I've been working on Stolen for approximately all eternity. I started on the project five years ago when it was a single-line concept on a sheet of paper. In that time, I've helped to work it up through various incarnations and playable prototypes of varying quality to where it is today.

Levitating guards will not be a feature of the finished game.
Levitating guards will not be a feature of the finished game.

When we first started Stolen, Splinter Cell didn't exist, and Metal Gear Solid 2 hadn't even been shown yet. The hype from Sony was that the PlayStation 2 was to be the most powerful and capable processor ever invented, and only our pathetic human brains would hold back what we could possibly achieve. As a testament to that fact, the early designs of Stolen had a full, free-roaming living city in which you could break into any building you wanted, steal whatever you could find, and sell it to the highest bidder. Like a classic heist movie, you'd stake out buildings from afar, investigate the security systems' weaknesses with your contacts, influence or manipulate the security staff within, or survey the inside of the target building the day before the job. While some of this has since been proved to be possible (stand up GTA), at the time we came to open our first PS2 development kit, it was clearly beyond what the PS2 was capable of. Since that day, Stolen has been broken down into its core components and reformed and streamlined many times over into a more focused and more cohesive experience. (Still, future generations of consoles may one day yet play host to the original vision of Stolen. Here's hoping... I'd certainly like to play it myself!)

Whenever I tell people what I do for a living, I always get the same, "You've got the best job in the world!" response, or, often, "You must just play games all day." While, in a sense, both these things are true. What's it really like?

At the moment, we're going through a process called "submission." Now, this sounds very much like a brand of humiliation-based Japanese game show, where people are forced to succumb to progressively more-evil events designed to break their wills and leave them crying in heaps on the floor. However, the reality of submission for us is only slightly more intense than that.

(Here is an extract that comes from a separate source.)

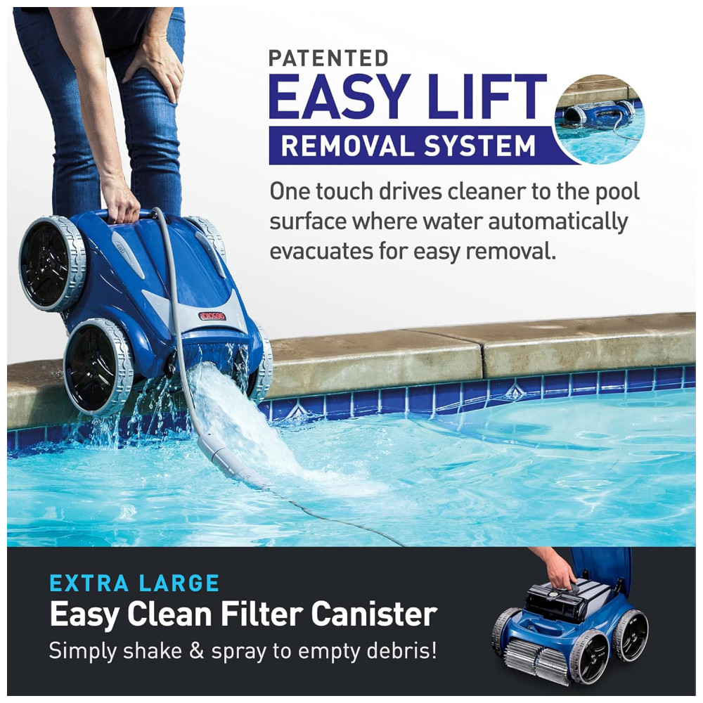 O limpador é compatível com piscinas enterradas de até 18,24 Metros e vem equipado com um cabo de 21,28 Metros com giro para redução de emaranhados e um recipiente extragrande de 5L para detritos.

Submission sees the game in its final stages, where all that's left are a mountain of bugs and issues that need to be overcome one at a time. On the design side, that sees my team of cunning designers and me dealing with a wide variety of tasks through the day. This can include changing and tweaking the cameras, moving shadows so that hiding points are optimized, altering the security guards' patrols and scripts to provide either more or less of a challenge, and finalizing the positioning of those ever-so-important pickups. These issues must be solved quickly and efficiently, as time is now limited. The upside of this is that the game improves on a daily basis. Every now and then, when I do manage to raise my nose up from my PC to pause for breath, I catch various people playing through the game and having their own fun Stolen moments. It's good to see it coming together after all this time.

Of course, we're also fixing a lot of bugs. And the thing they don't tell you about bugs is that while they're a pain to fix, they can also be really funny. The first screenshot that accompanies this story show a floating-guard bug from late last year that had us in stitches. And there's another where even the guard seems to be despairing at our attempts to keep him on the ground.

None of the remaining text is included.